*WORK TO COMPLETE*.
Reproduce only the lines below from the line containing "Mušelínové zavinovací body" to the line containing "The ABRomics genomic", exactly as written, with both end lines kept. Omit the pictures.
-------- RECORDS SHOWN --------
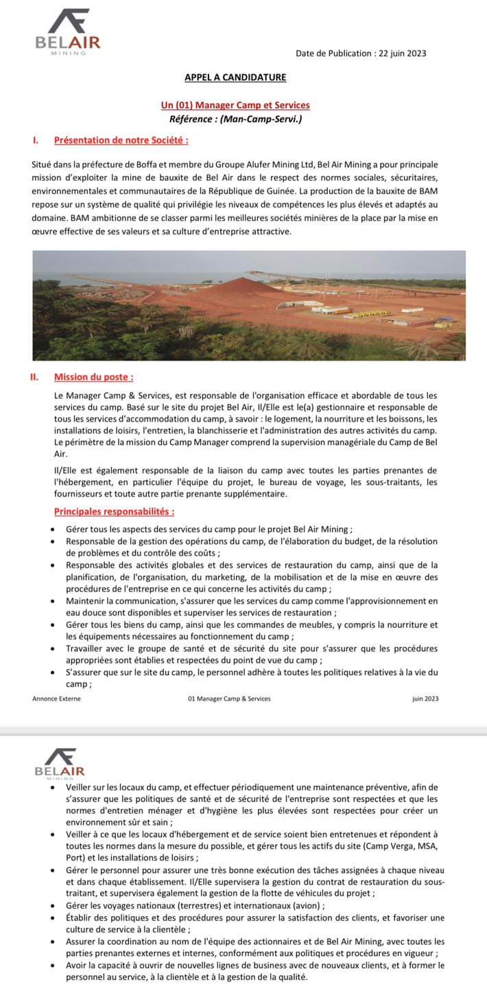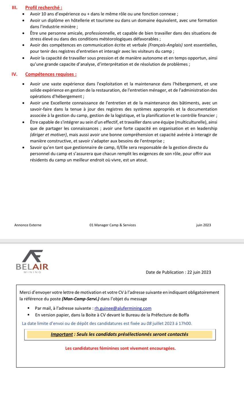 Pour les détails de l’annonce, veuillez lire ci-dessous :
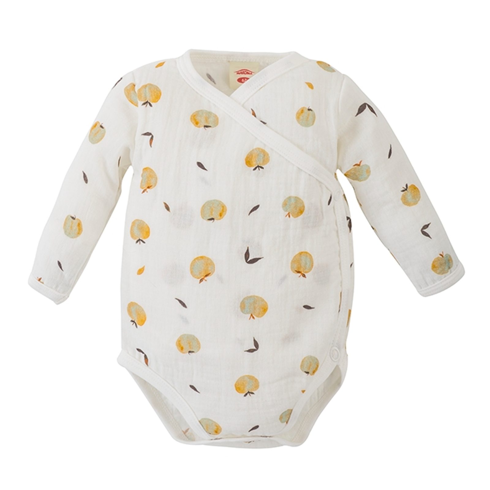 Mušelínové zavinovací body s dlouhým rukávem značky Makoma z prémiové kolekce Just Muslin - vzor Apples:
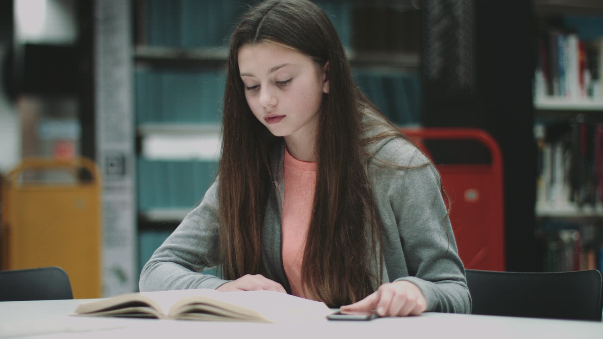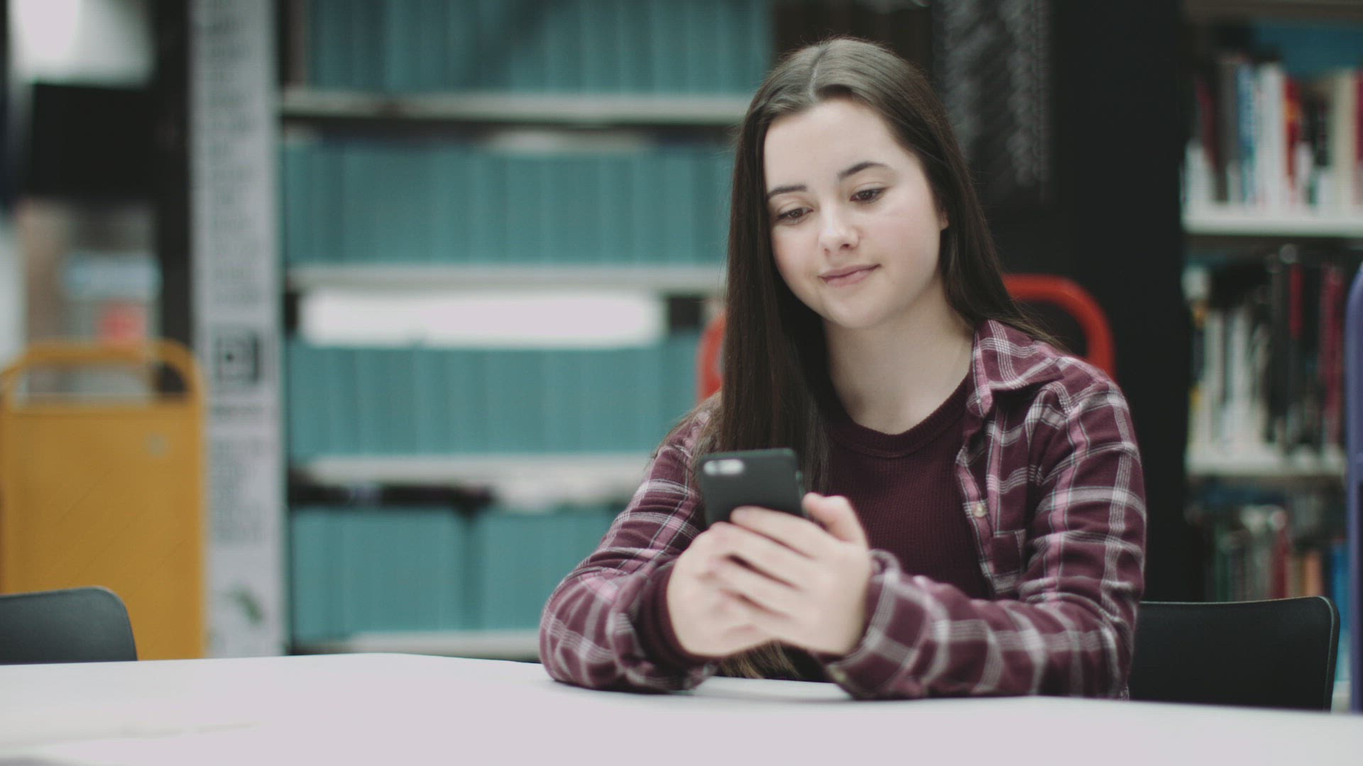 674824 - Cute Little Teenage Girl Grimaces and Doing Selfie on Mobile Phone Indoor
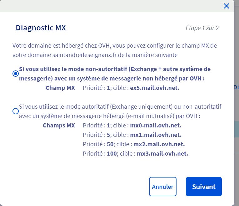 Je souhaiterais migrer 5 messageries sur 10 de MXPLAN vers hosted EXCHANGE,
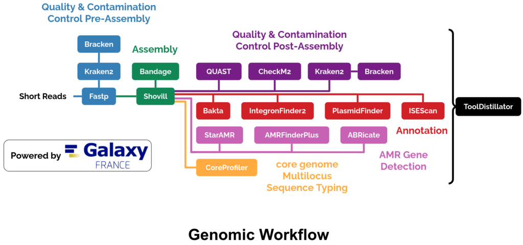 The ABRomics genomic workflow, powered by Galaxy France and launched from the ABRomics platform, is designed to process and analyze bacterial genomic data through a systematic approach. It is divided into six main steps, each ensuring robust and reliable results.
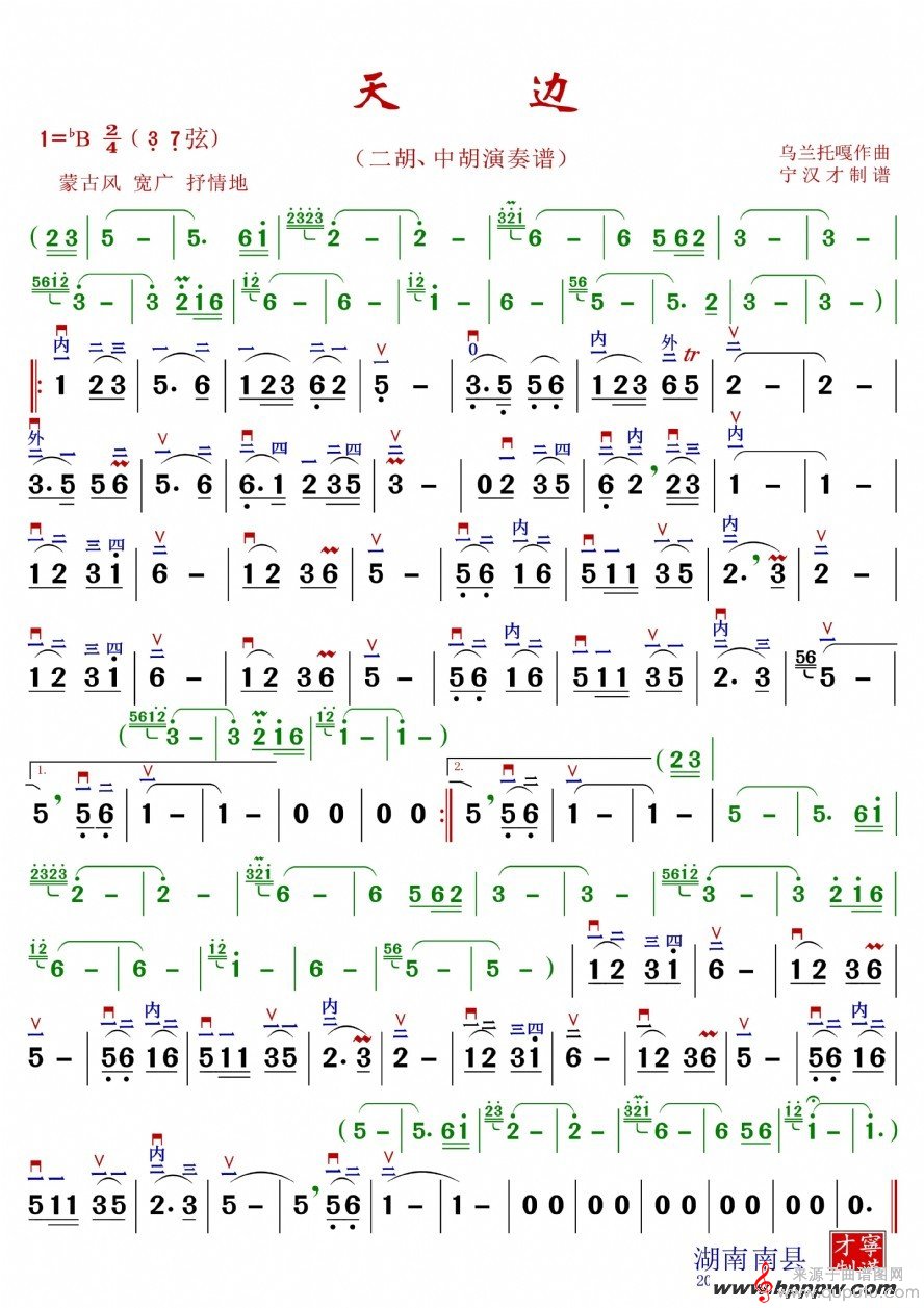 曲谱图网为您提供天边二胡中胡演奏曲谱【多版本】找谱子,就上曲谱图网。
--------
*ANSWER SPACE*.
 Mušelínové zavinovací body s dlouhým rukávem značky Makoma z prémiové kolekce Just Muslin - vzor Apples:
 674824 - Cute Little Teenage Girl Grimaces and Doing Selfie on Mobile Phone Indoor
 Je souhaiterais migrer 5 messageries sur 10 de MXPLAN vers hosted EXCHANGE,
 The ABRomics genomic workflow, powered by Galaxy France and launched from the ABRomics platform, is designed to process and analyze bacterial genomic data through a systematic approach. It is divided into six main steps, each ensuring robust and reliable results.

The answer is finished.